If necessary, I intervened to provide instructions. The procedure was for the volunteer to toss the raft into the pool, pull out any slack in the mooring line and give a sharp jerk on the mooring line. Ideally, the raft should inflate without pulling it all the way back to the aircraft where it could be harmed, but in most cases the raft was pulled back to the wall of the pool before inflation commenced. The TSO specifies that only 20 - 30 pounds of tension be required to actuate the inflation sequence.
In the first series of tests, we did not time inflation. The second set of tests were timed. We timed inflation until the raft was firm enough to board using the provided entry aids and to full inflation, including canopy where appropriate, and also where appropriate, how fast the ballast bags filled. The survival equipment pack(s) (SEPs) were removed from the rafts to try to prevent unnecessary water damage to the contents, though with some rafts, the separate packs were waterlogged before we could retrieve them from the water. Those packed inside the rafts tended to stay drier. Items required for the tests were retrieved from the packs where necessary.
TIP: Don't let the hissing worry you after the raft inflates. Life rafts are equipped with pressure release valves (PRVs). Under all but the coldest conditions, the gas cylinder contains much more gas than is needed to inflate the raft. The hotter it is, the more excess gas there is. Once the raft is fully inflated, the PRVs open up to allow the excess gas to vent. Actual working pressure in most life rafts is approximately 1 to 2 psi. When the PRVs open up there is a loud hissing that will continue for some time after the raft is fully inflated. While it sounds like the raft is leaking air, it's only the PRVs doing their job and it is no cause for concern. Note that one manufacturer, Air Cruisers, includes plugging the PRVs immediately after the initial inflation in their immediate action instructions. This would preclude this venting.
Something else you may notice when the raft inflates is ice or frost forming on the buoyancy tubes, even when it's quite warm out. The CO2 (and Nitrogen in many cases) from the inflation cylinder expands rapidly and causes the gas to cool down below the freezing point of water. Thus any water vapor in the air in contact with the cold tube or water on the tube surface freezes. It disappears rapidly in all but the coldest climates and is no cause for concern.
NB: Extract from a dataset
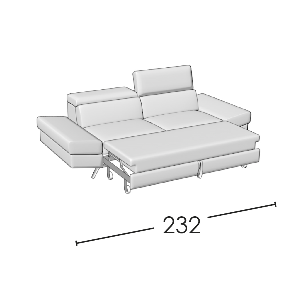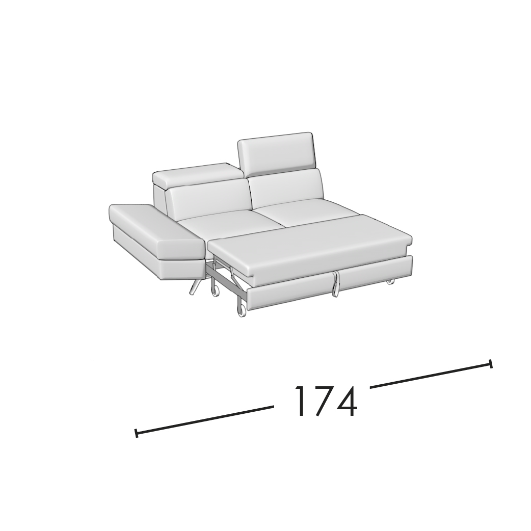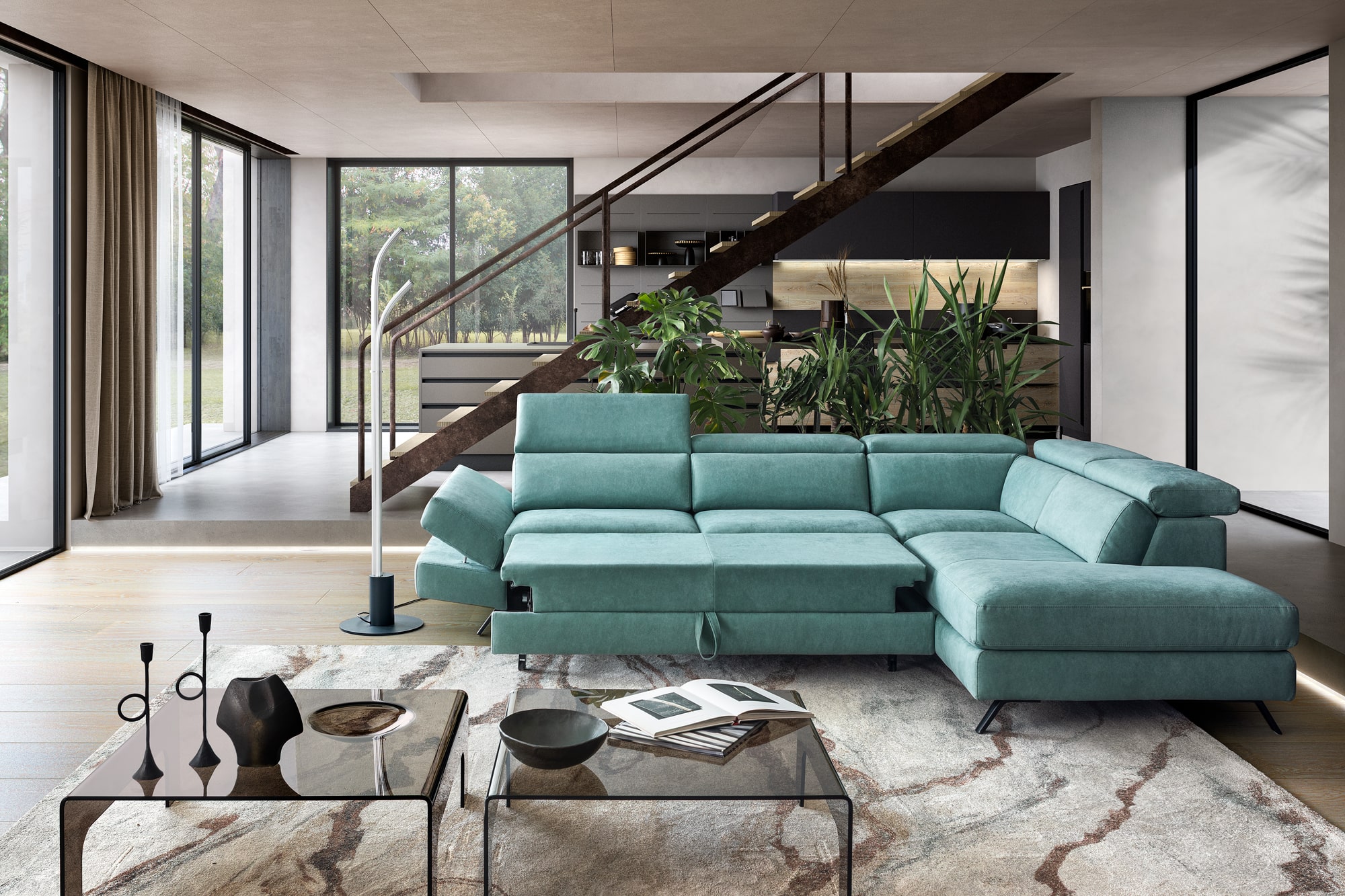 Le pouf dauphin intégré complète la polyvalence du modèle, permettant d'augmenter l'espace d'assise et de transformer le salon en un espace fluide et dynamique.

We also tested righting the raft. In most cases this required us to turn the raft upside down after inflation because virtually all the rafts inflated right side up.
For the second and third series of tests the raft was then moved to the center of the pool for boarding and stability tests, once the waves had reached constant height, about 3.5 ft on average. We tested boarding in a number of configurations and bringing of an unconscious survivor on board. If the canopy required erection, this was also accomplished with the waves operating. We then capsized the raft by using the weight of the testers all gathered to one side and then righted the raft again.
After these tests the waves were turned off and the raft moved to the shallow end for freeboard measurements and simulated rain and weather tests. The first series of tests were conducted essentially in the same manner, but obviously, without benefit of the waves.
Inflation was a mixed bag. We had anticipated the possibility that a raft might not inflate or might blow up, based upon reports we had received from others who had tested rafts previously. Neither problem raised it's ugly face. What we weren't expecting was the extreme difficulty experienced in getting some of the rafts to inflate.
The Air Cruisers, Hoover, Survival Products, RFD, BFGoodrich and Winslow rafts operated like a charm with no problems. The Winslow took the least effort, the RFD the most. (The original style BFGoodrich rafts in our first test both required a number of tries to get them to activate. In the end it took a mighty hard jerk to get the job done. We considered that unacceptable)
While the Survival Products rafts operated satisfactorily in our tests, in other venues we have seen a rash of failures to inflate, partial inflations and one blow-out. In all these cases the rafts were not brand new or provided by Survival Products, but all had current inspection certificates.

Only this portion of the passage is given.